Recorded data:
········

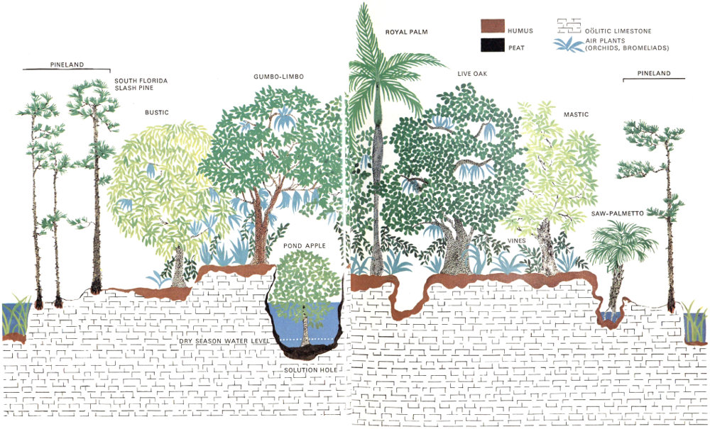 Before this century, fires burned vast areas. The only barriers were natural waterways—sloughs, lakes and ponds, and estuaries—which retained some water during the rainless season when the rest of the glades and pinelands dried up. Old-timers say that sometimes a fire would travel all the way from Lake Okeechobee to the coastal prairie of Cape Sable (see page 2). In the pine forest, any 8 area bypassed by these fires for a lengthy period developed into a junglelike island of hardwoods. We call such stands “hammocks,” whether they develop in the pine forest or in the open glades. On the limestone ridge, the hammocks support a community of plants and animals strikingly different from the surrounding pine forests.
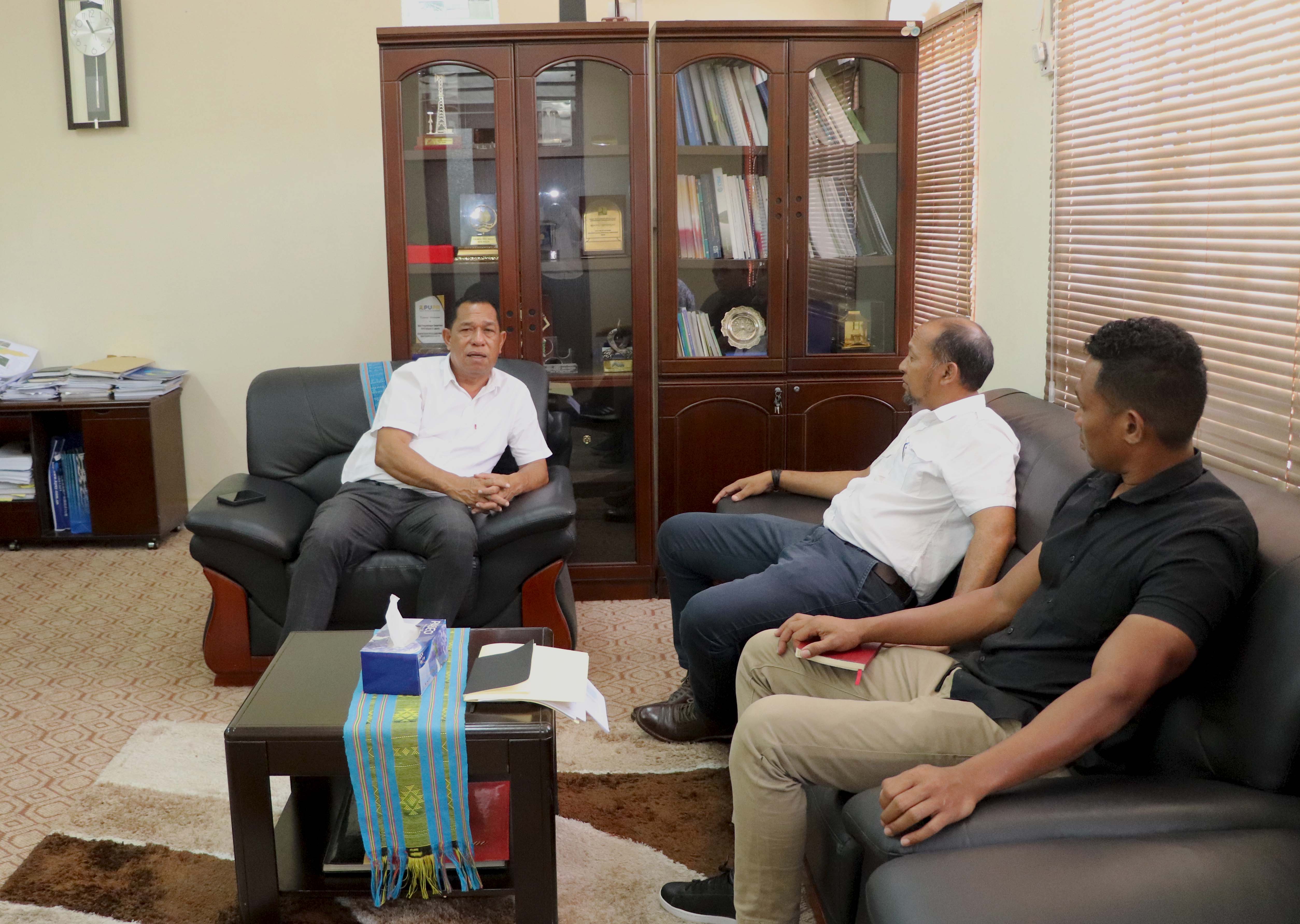 Díli, 10/11/2025. Prezidente Komisaun Ezekutiva (KE) Bee Timor-Leste, Empreza Públika (BTL, E.P), Gustavo da Cruz enkontru ho Diretór Diresaun Nasionál ba Regulasaun Bee no Saneamentu (DNRAS, sigla portugés) ho tékniku DNRAS nian, iha Prezidente nia knaar fatin BTL, E.P, Caicoli
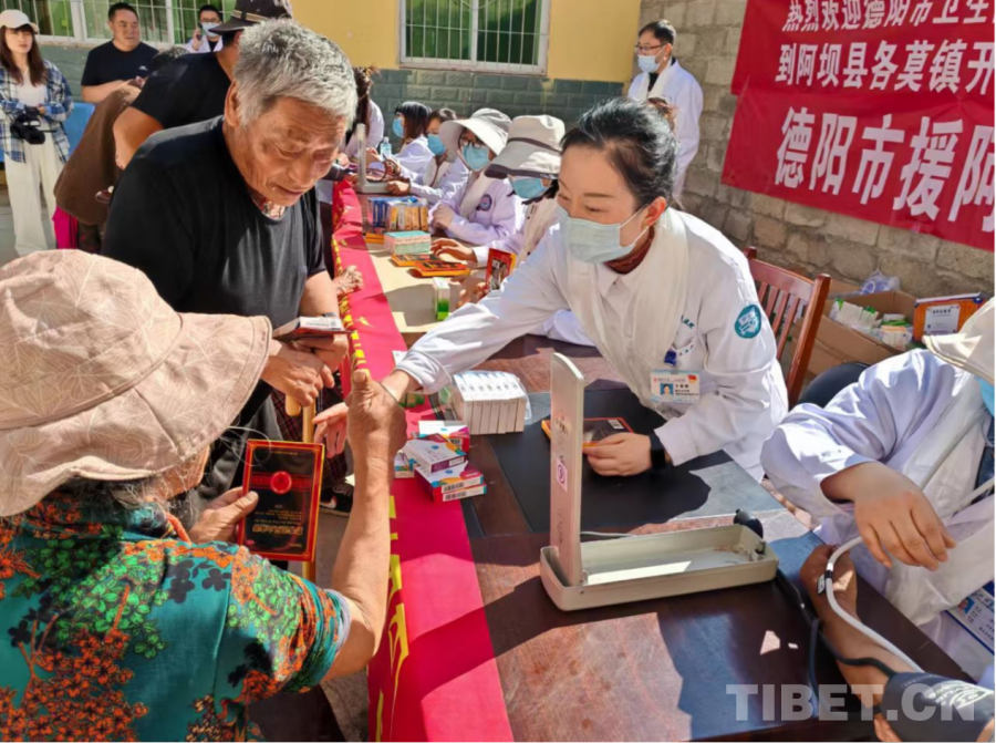 圖為德陽援藏醫(yī)療隊員和若爾蓋當(dāng)?shù)厝罕姾嫌啊∈茉L者供圖
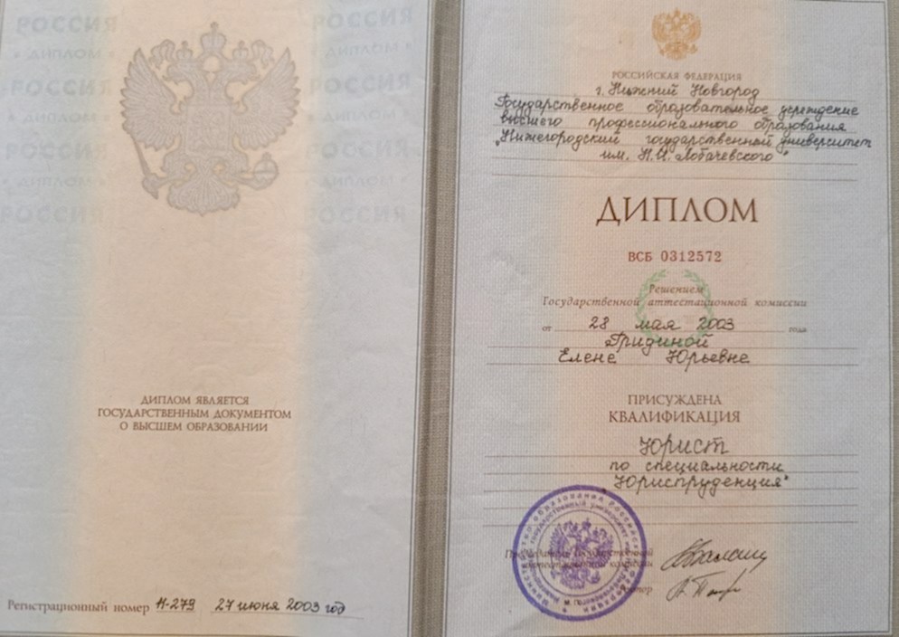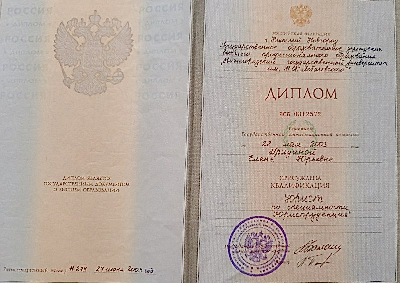 2003 г.- ННГУ им.Лобачевского «Юриспруденция».
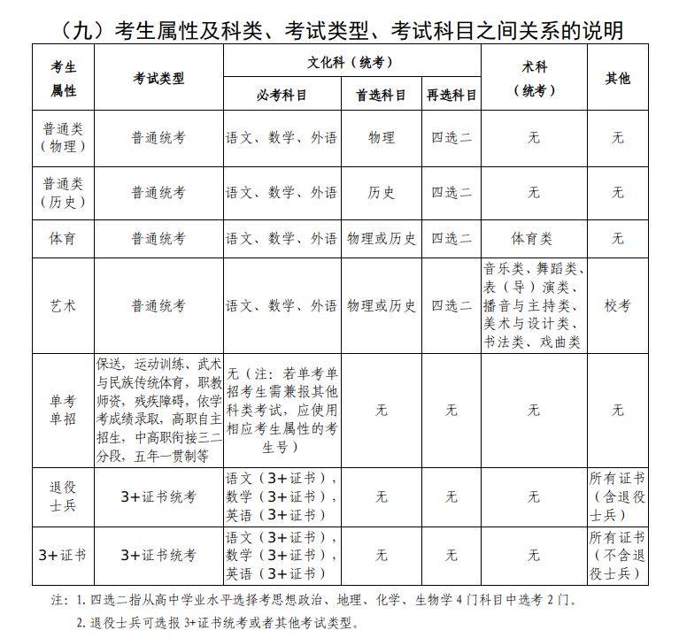 普通类考生根据所选物理或历史,对应参加相应科目考试。体育类、艺术类考生在此基础上,额外参加体育专业考试或艺术专业考试。
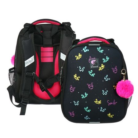 Ранец из формованного EVA-материала и высокопрочного непромокаемого полиэстера. Два вместительных отделения на реверсивной пластиковой молнии; в первом — «плавающие» перегородки для тетрадей и учебников, во втором – большой карман из сетки и карманы-органайзеры. Спинка с анатомическими элементами дополнительно укреплена пластиком, сверху – дышащая трехслойная сетка. Лямки-маечка плотные, мягкие. Регулируются по длине и высоте. Ранец снабжен нагрудным фиксатором и двумя боковыми карманами из прочной сетки. Есть мягкая ручка для переноски и дополнительная петлевая ручка для размещения ранца на крюке. На дне две пластиковые ножки. Ранец имеет светоотражающие элементы на лямках и корпусе. Брелок в комплекте.
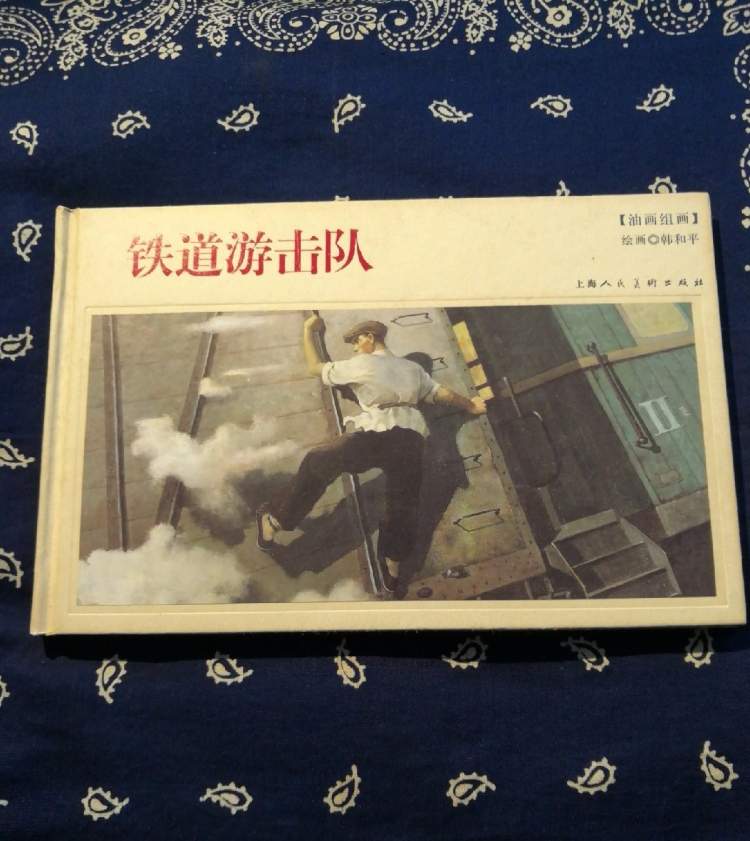 上世纪90年代后期,韩和平先生从美国讲学8年后回来,又在枫泾镇找到了艺术灵感,他又开始了激情创作。时年已70多岁的他开始画自己最喜欢的油画,除了当地水乡风土人情之外,他还用油画形式再画了《铁道游击队》的10幅连环画封面。采访后不久,《铁道游击队》油画组画,也由上海人民美术出版社出版了。

········

■ What you should do: Set down every record above exactly as it stands, but skip the pictures.

■ Exercise solution:
 Before this century, fires burned vast areas. The only barriers were natural waterways—sloughs, lakes and ponds, and estuaries—which retained some water during the rainless season when the rest of the glades and pinelands dried up. Old-timers say that sometimes a fire would travel all the way from Lake Okeechobee to the coastal prairie of Cape Sable (see page 2). In the pine forest, any 8 area bypassed by these fires for a lengthy period developed into a junglelike island of hardwoods. We call such stands “hammocks,” whether they develop in the pine forest or in the open glades. On the limestone ridge, the hammocks support a community of plants and animals strikingly different from the surrounding pine forests.
 Díli, 10/11/2025. Prezidente Komisaun Ezekutiva (KE) Bee Timor-Leste, Empreza Públika (BTL, E.P), Gustavo da Cruz enkontru ho Diretór Diresaun Nasionál ba Regulasaun Bee no Saneamentu (DNRAS, sigla portugés) ho tékniku DNRAS nian, iha Prezidente nia knaar fatin BTL, E.P, Caicoli
 圖為德陽援藏醫(yī)療隊員和若爾蓋當(dāng)?shù)厝罕姾嫌啊∈茉L者供圖
 2003 г.- ННГУ им.Лобачевского «Юриспруденция».
 普通类考生根据所选物理或历史,对应参加相应科目考试。体育类、艺术类考生在此基础上,额外参加体育专业考试或艺术专业考试。
 Ранец из формованного EVA-материала и высокопрочного непромокаемого полиэстера. Два вместительных отделения на реверсивной пластиковой молнии; в первом — «плавающие» перегородки для тетрадей и учебников, во втором – большой карман из сетки и карманы-органайзеры. Спинка с анатомическими элементами дополнительно укреплена пластиком, сверху – дышащая трехслойная сетка. Лямки-маечка плотные, мягкие. Регулируются по длине и высоте. Ранец снабжен нагрудным фиксатором и двумя боковыми карманами из прочной сетки. Есть мягкая ручка для переноски и дополнительная петлевая ручка для размещения ранца на крюке. На дне две пластиковые ножки. Ранец имеет светоотражающие элементы на лямках и корпусе. Брелок в комплекте.
 上世纪90年代后期,韩和平先生从美国讲学8年后回来,又在枫泾镇找到了艺术灵感,他又开始了激情创作。时年已70多岁的他开始画自己最喜欢的油画,除了当地水乡风土人情之外,他还用油画形式再画了《铁道游击队》的10幅连环画封面。采访后不久,《铁道游击队》油画组画,也由上海人民美术出版社出版了。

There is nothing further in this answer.